Proteins are incredible molecular machines that orchestrate almost all activity in our biological world. We are only beginning to understand them. This article is a deep dive into some statistical methods that enable us to understand new proteins by harnessing the power of evolution.

Amino acids make up proteins and specify their structure and function. Over millions of years, evolution has conducted a massive experiment over the space of all possible amino acid sequences: those that encode a functional protein survive; those that don't are extinct.

Diagram from Roshan Rao's awesome dissertation talk on these topics.

We can learn a surprising lot about a protein by studying similar variants of it we find in nature (its protein family). These hints from evolution have propelled breakthroughs like AlphaFold and many cutting-edge methods in protein design. Let's see how.

A Multiple Sequence Alignment (MSA) compiles known variants of a protein – which can come from different organisms – and is created by searching vast protein sequence databases.

MSA

The structure sketches how the amino acid chain might fold in space (try dragging the nodes). Hover over each row in the MSA to see the corresponding amino acid in the folded structure. Hover over the blue link to highlight the contacting positions.

One key insight is that amino acid positions that tend to co-vary in the MSA likely interact with each other in the folded structure, often via direct 3D contact. In the rest of this article, we'll dissect this MSA and make this idea concrete.
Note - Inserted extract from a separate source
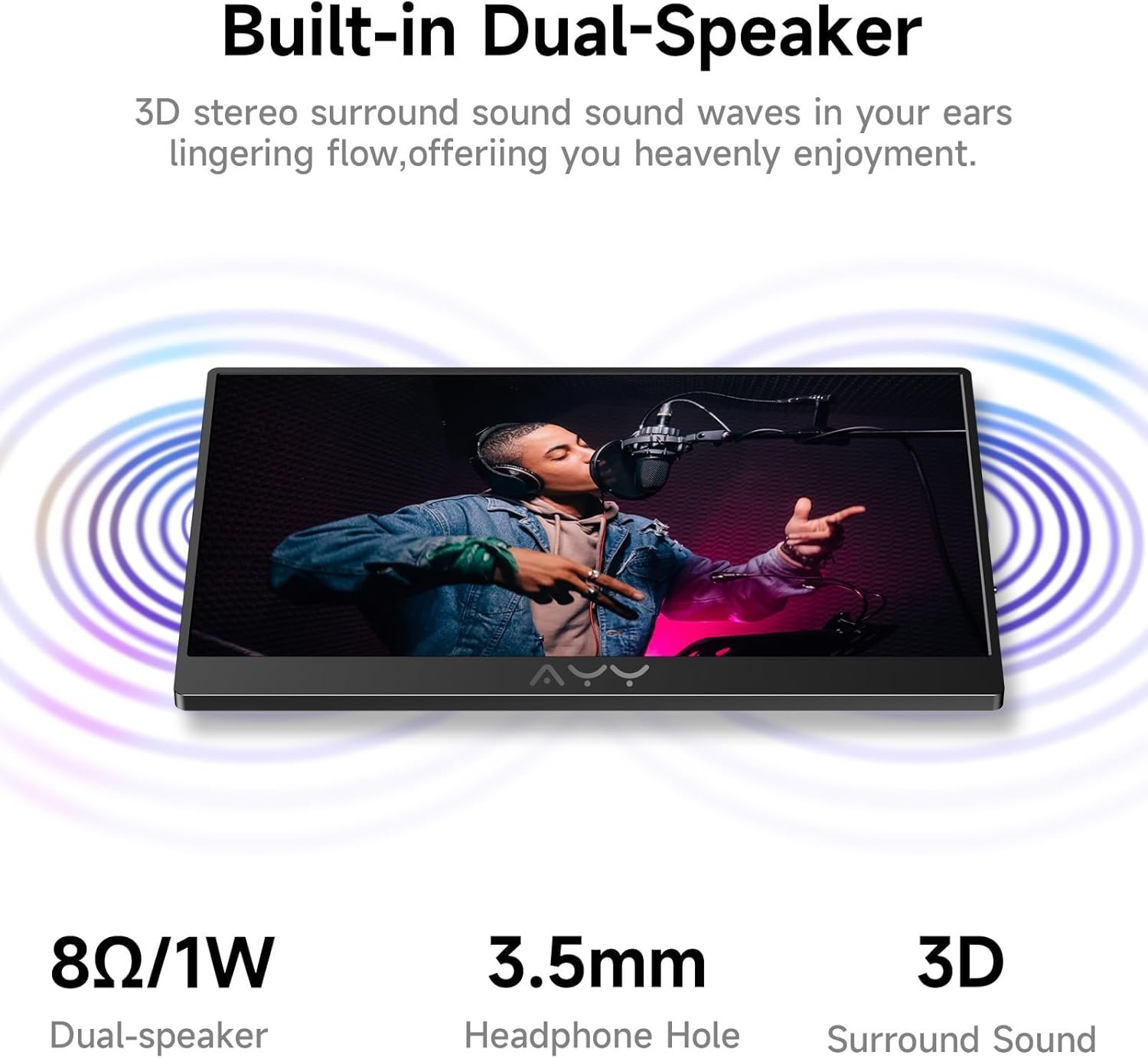 【VESA Mountable & Dual Speakers &3.5mm Audio Jack】With VESA holes, you can easily mount the portable gaming monitor to a stand for landscape and portrait mode to mirror/extend the screen for high productivity and efficiency. The built-in speakers give you free access to video, games, movies, And you can add your own speaker or headphones for better sound performance with a 3.5mm audio jack

In search of a distribution

Let's start with the question: given an MSA and an amino acid sequence, what's the probability that the sequence encodes a functional protein in the family of the MSA? In other words, given a sequence $A = (A_1, A_2, ..., A_L)$ , we're looking for an appropriate probability distribution $P(A)$ based on the MSA.

Knowing $P$ is powerful. It lends us insight into sequences that we've never encountered before (more on this later!). Oftentimes, $P$ is called a model. For the outcome of rolling a die, we have great models; proteins, unfortunately not so much.

Hover over the bars to see the probabilities. Sequence probabilities are made up but follow some patterns you might expect: sequences that resemble sequences in the MSA have higher probabilities. The set of all possible sequences (the sequence space) is mind-bendingly vast: the number of possible 10 amino acid sequences is 20^10 (~10 trillion) because there are 20 amino acids; the bar graph is very truncated.

Counting amino acid frequencies

Let's take a closer look at the MSA:

Some positions have the same amino acid across almost all rows. For example, every sequence has L in the first position – it is evolutionarily conserved – which means that it's probably important!

To measure this, let's count the frequencies of observing each amino acid at each position. Let $f_i(A_i)$ be the frequency of observing the amino acid $A_i$ at position $i$ .

Hover over the MSA to compute amino acid frequencies.

If we compile these frequencies into a matrix, we get what is known as a position-specific scoring matrix (PSSM), commonly visualized as a sequence logo.

A sequence logo generated from our MSA. The height of each amino acid is an indicator of its evolutionary conservation.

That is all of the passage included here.